Que le pasa al foro?

Iniciado por Pablo Videla, 9 Junio 2015, 03:45 AM

0 Miembros y 1 Visitante están viendo este tema.

WHK

Recuerda que está comprobado que los antivirus y derivados como antispywares no detectan mas del 1% de todas las amenzasas a las que puedas estar expuesto.

De todas maneras en el único antivirus que he confiado siempre ha sido el nod32 y el avira y como firewall el zone alarm.

engel lex

Cita de: WHK en  9 Junio 2015, 18:10 PM
amenzasas

suena como una efermedad (o jugo) brasilero  :xD



pero por eso dije, ni sigue consejo, ni da retroalimentación  :¬¬ yo lo dejé ya a su suerte!

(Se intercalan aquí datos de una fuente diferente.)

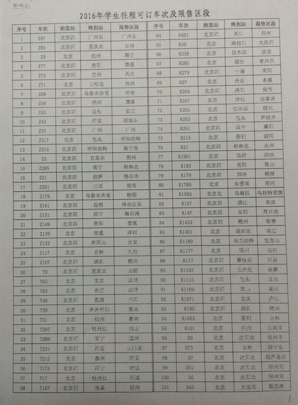 1)为优先满足长途学生需要, 2016年春运将执行各车次的限售区段,办理包含限售站在内的以远站(即限售站到终点站间)各站车票。(见下图)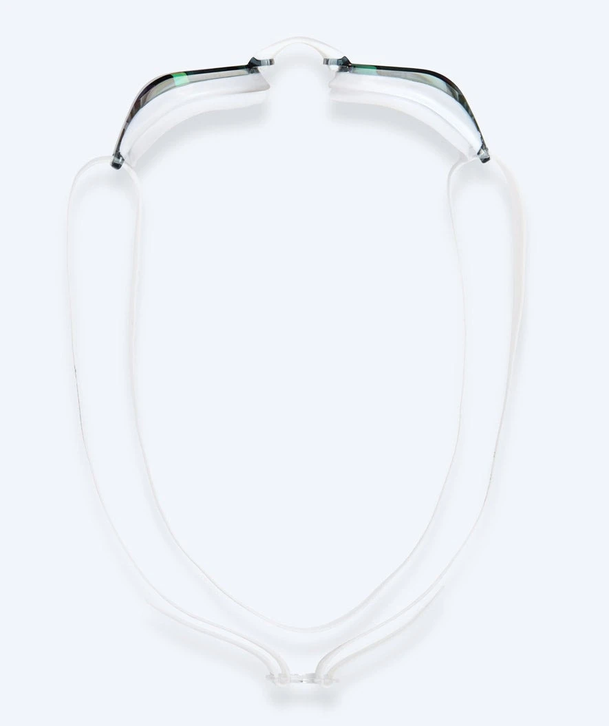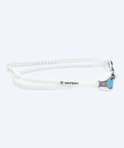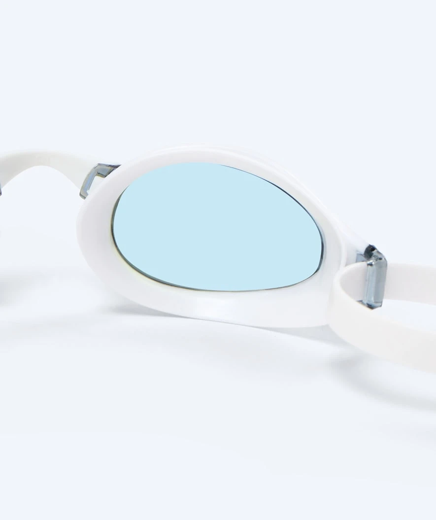 Designet med en ultra-lav profil med myke silikon øyekopper og et stort 180 graders utsyn fra de kurvede linsene. Vår Poseidon Mirror er for konkurranse- og mosjonssvømmere, som vektlegger redusering av vannmotstand, komfort og et bredt utsyn. Her i en hvit farge med blå mirror glass.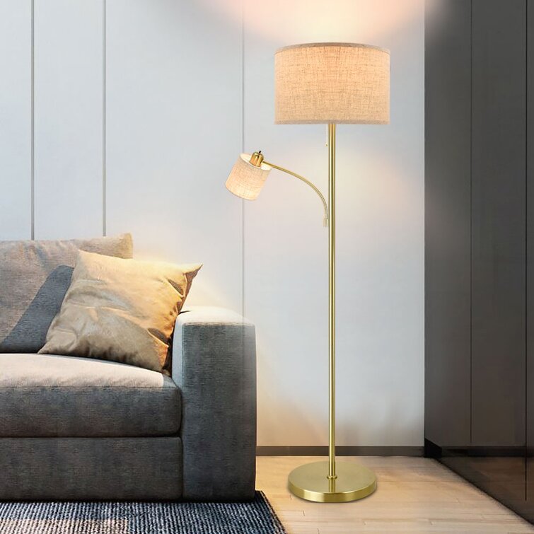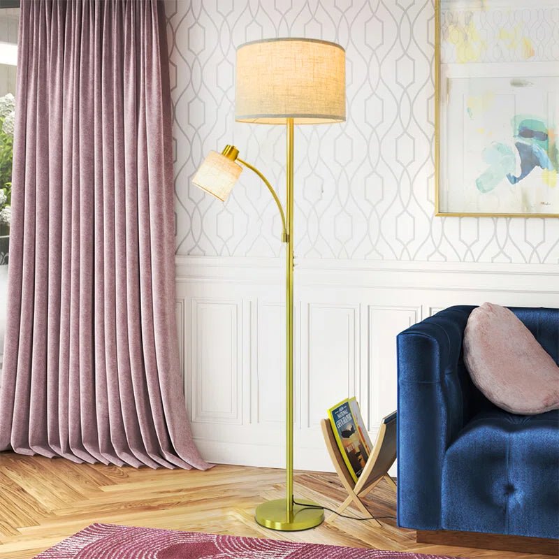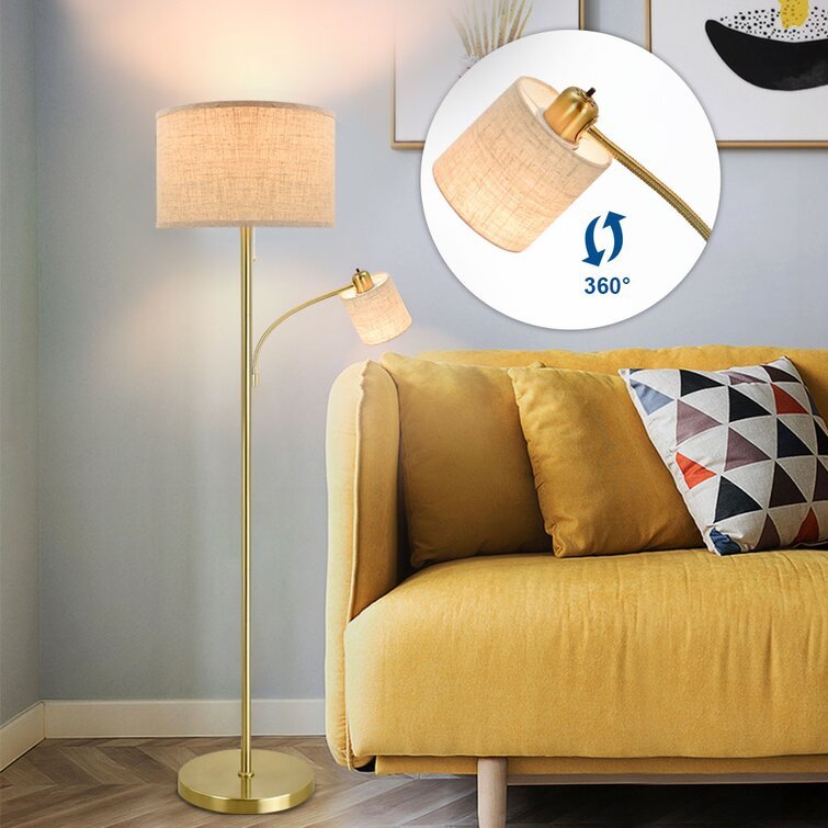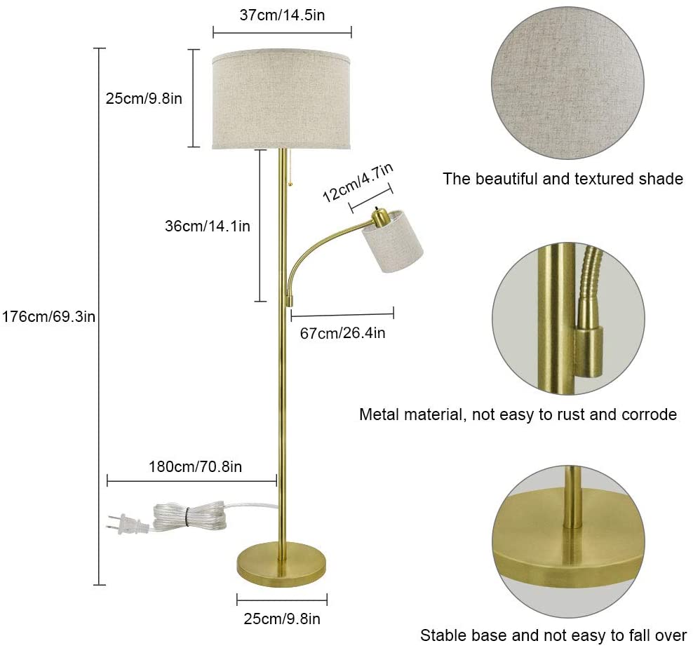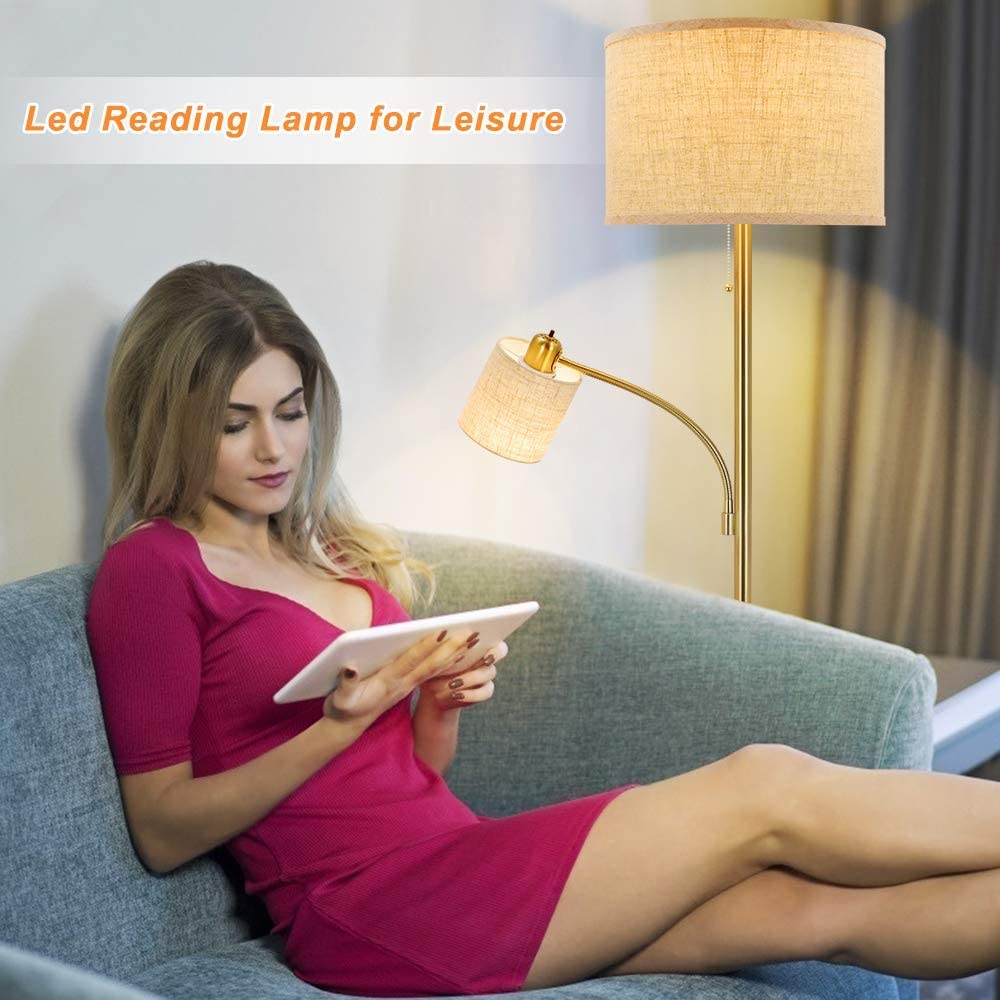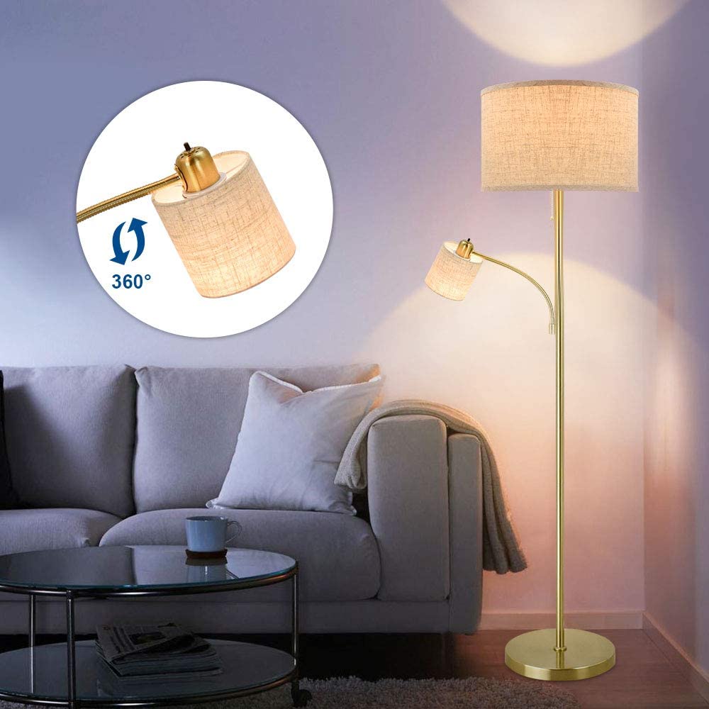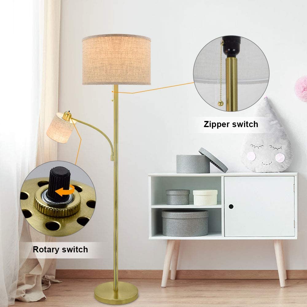 DLLT maalaismaiset lattiavalaisimet olohuoneeseen, moderni korkea napavalo säädettävällä lukuvalolla, vintage seisomalamppu nykyaikaiseen vuosisadan puolivälin makuuhuoneeseen, työhuone, kangasvarjost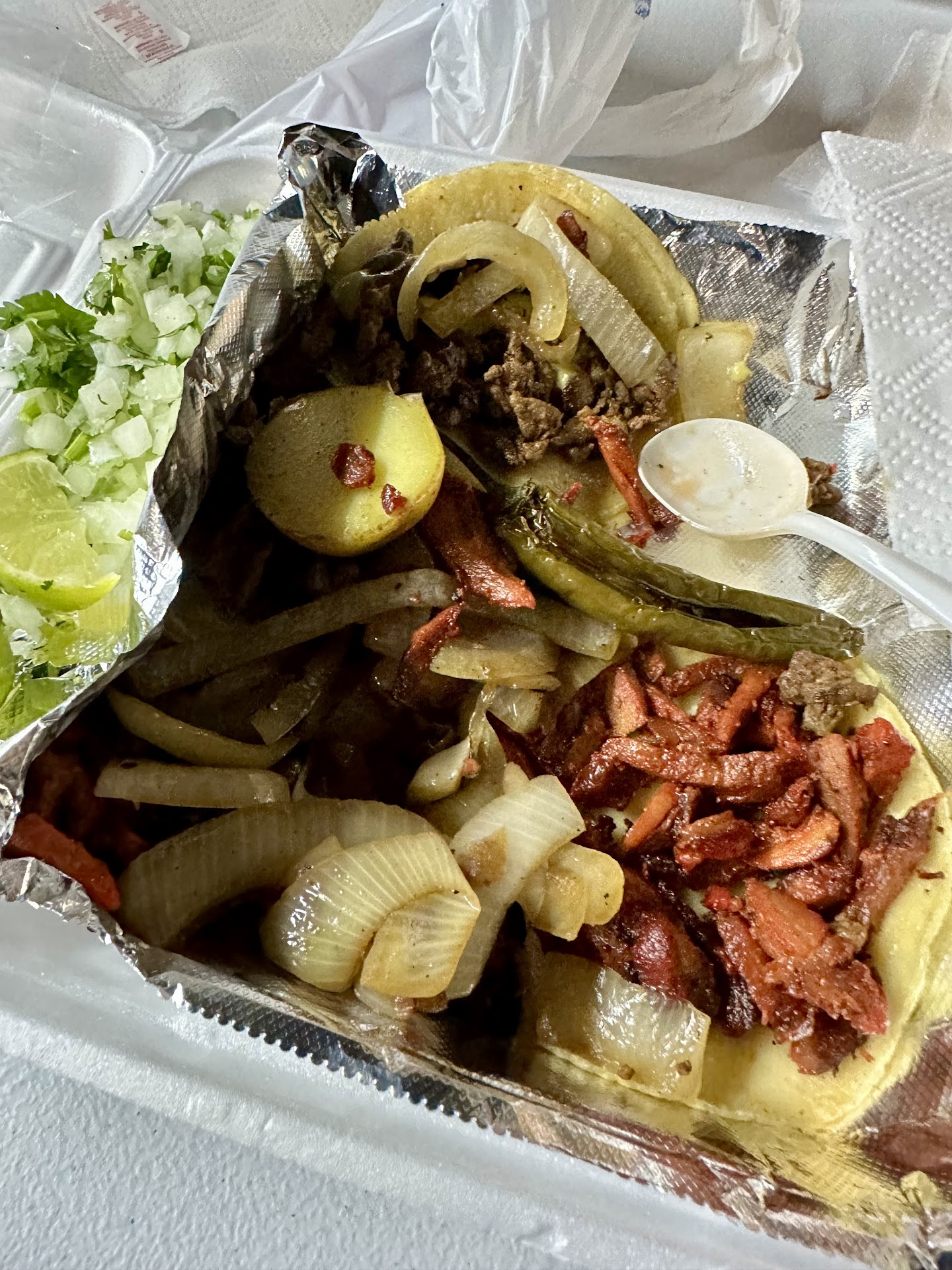 100% recommended. Few meat options which was honestly a bit of a turn-off for me before visiting but their meats are cooked very well. Tacos are served on delicious perfect corn tortillas, and salsas compliment perfectly. The papas asadas seem small, but the potato itself is already premixed with butter and then packed down, then loaded with cheese meat and drizzled with crema. Pretty filling. One of my new top favorite DFW taco spots. We got salsas, grilled onions, limes, cilantro and onion, all on the side and plenty...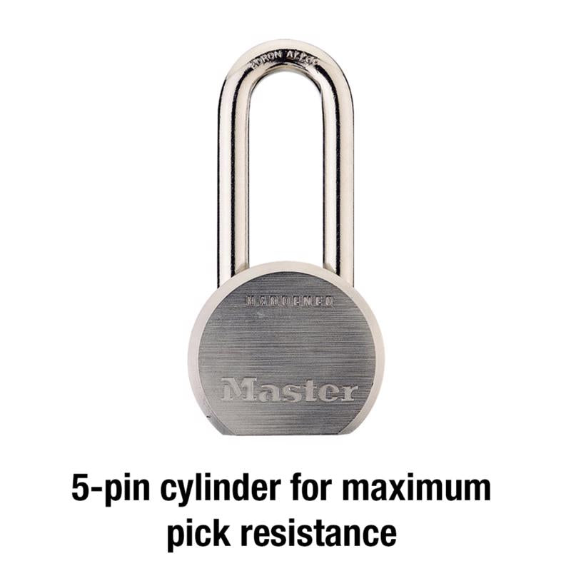 The Master Lock No. 930DLHPF Solid Body Padlock features a 2-1/2in (64mm) wide solid steel lock body that is strong, durable and resists corrosion. The 7/16in (11mm) diameter shackle is 2in (51mm) long and made of hardened boron alloy, offering maximum resistance to cutting and sawing. The 5-pin cylinder prevents picking and can be removed to rekey the lock. The Limited Lifetime Warranty provides peace of mind from a brand you can trust.

CitarNi idea como pude pegarme algo como eso si no hago nada irresponsable en la red
si los virus solo se pegaran así, en un foro como este no recomendaríamos su uso...  :silbar:

El problema con la sociedad actualmente radica en que todos creen que tienen el derecho de tener una opinión, y que esa opinión sea validada por todos, cuando lo correcto es que todos tengan derecho a una opinión, siempre y cuando esa opinión pueda ser ignorada, cuestionada, e incluso ser sujeta a burla, particularmente cuando no tiene sentido alguno.

Pablo Videla

Cita de: engel lex en  9 Junio 2015, 18:17 PM
suena como una efermedad (o jugo) brasilero  :xD



pero por eso dije, ni sigue consejo, ni da retroalimentación  :¬¬ yo lo dejé ya a su suerte!
si los virus solo se pegaran así, en un foro como este no recomendaríamos su uso...  :silbar:



CitarAlgún tema específico o siempre?
Http o https?
Con sesión abierta?
Ves alguna publicidad sobre el foro?
En tus extensiones no conseguiste nada raro?
Usas chrome?
El firewall dudo que pare publicidad, al final es una conexión "normal" del navegador a un enlace valido, pasa el antivirus y Dime que tal los resultados del scan completo

jajaja disculpa Engel.

1.- Ocurrio con protocolo http.
2.- Con sesion abierta.
3.- No tengo ninguna extensión rara.
4.- Si, uso chrome.
5.- El antivirus se me colgo anoche mientas escaneaba, lo pondre de nuevo esta noche.
6.- El spybot encontro los tipicos tracking cookies. Y borre todo. Después de eso no me ha vuelto a suceder el problema.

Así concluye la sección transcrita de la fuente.